- [Dataset records]:
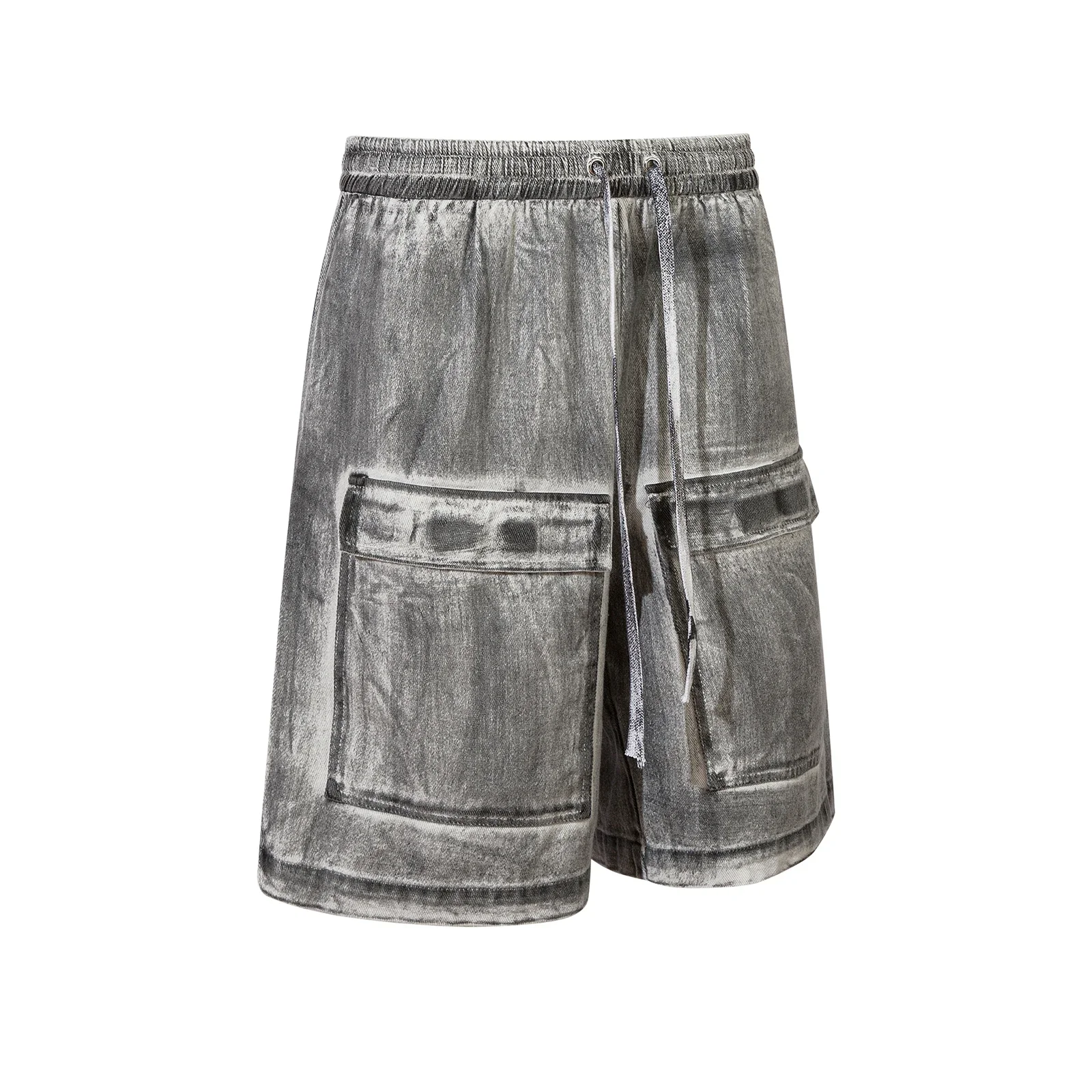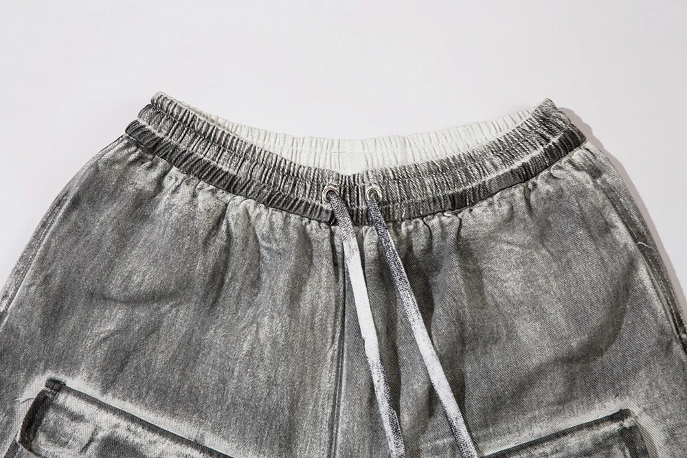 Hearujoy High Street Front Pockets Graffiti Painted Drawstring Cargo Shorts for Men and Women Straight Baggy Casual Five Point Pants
* * *
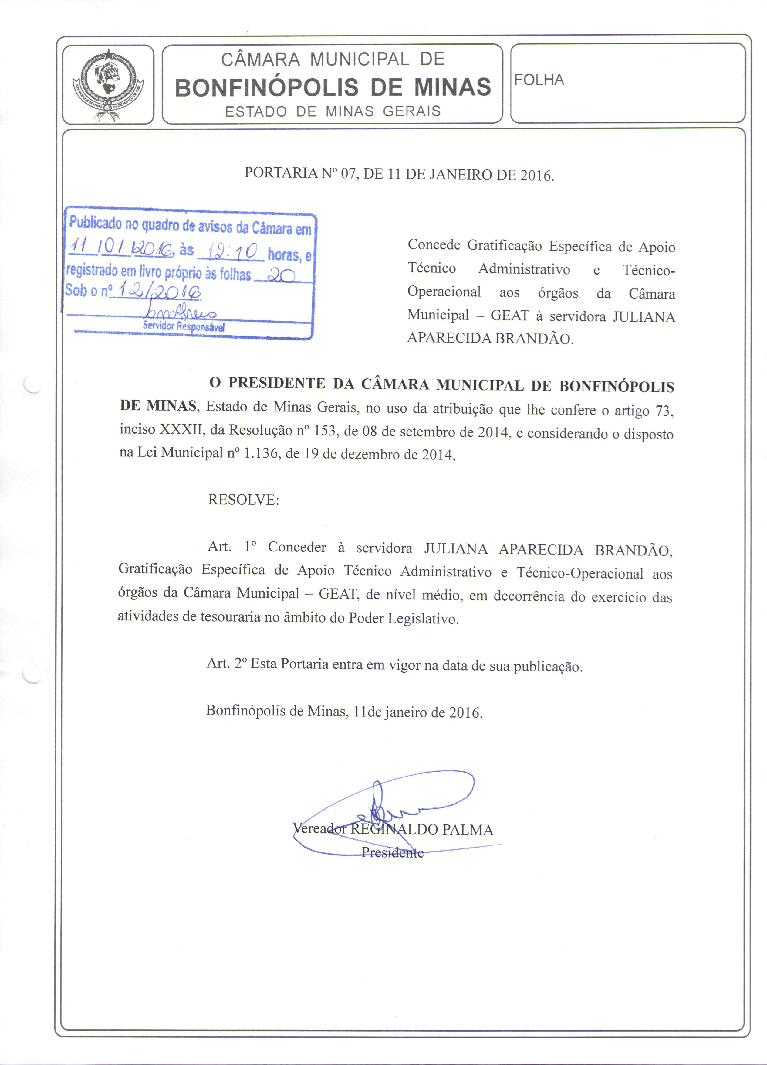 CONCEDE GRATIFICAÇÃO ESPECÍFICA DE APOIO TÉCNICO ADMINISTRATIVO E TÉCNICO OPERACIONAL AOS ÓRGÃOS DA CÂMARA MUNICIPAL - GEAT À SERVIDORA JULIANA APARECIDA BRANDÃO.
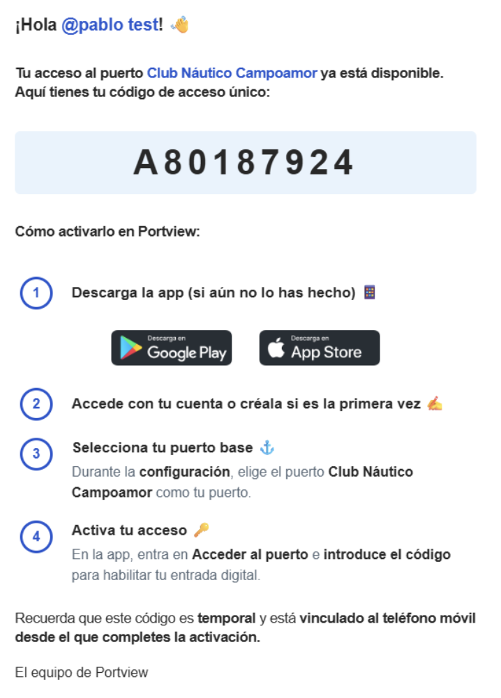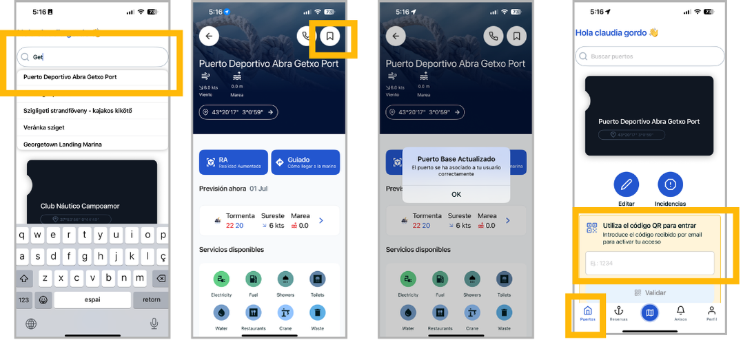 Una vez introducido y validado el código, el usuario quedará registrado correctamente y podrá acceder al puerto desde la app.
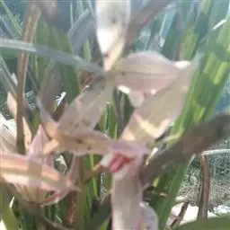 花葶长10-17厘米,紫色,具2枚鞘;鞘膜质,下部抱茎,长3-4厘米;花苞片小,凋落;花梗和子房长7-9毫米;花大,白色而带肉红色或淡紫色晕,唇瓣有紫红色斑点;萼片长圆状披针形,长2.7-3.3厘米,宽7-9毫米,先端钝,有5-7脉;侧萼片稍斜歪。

- [What the task requires]: For this exercise, please set down exactly the lines of the listing above from the line with "Una vez introducido" up to and including the line with "花葶长10-17厘米,紫色,具2枚鞘;鞘", and no pictures.

- [Reply]:
 Una vez introducido y validado el código, el usuario quedará registrado correctamente y podrá acceder al puerto desde la app.
 花葶长10-17厘米,紫色,具2枚鞘;鞘膜质,下部抱茎,长3-4厘米;花苞片小,凋落;花梗和子房长7-9毫米;花大,白色而带肉红色或淡紫色晕,唇瓣有紫红色斑点;萼片长圆状披针形,长2.7-3.3厘米,宽7-9毫米,先端钝,有5-7脉;侧萼片稍斜歪。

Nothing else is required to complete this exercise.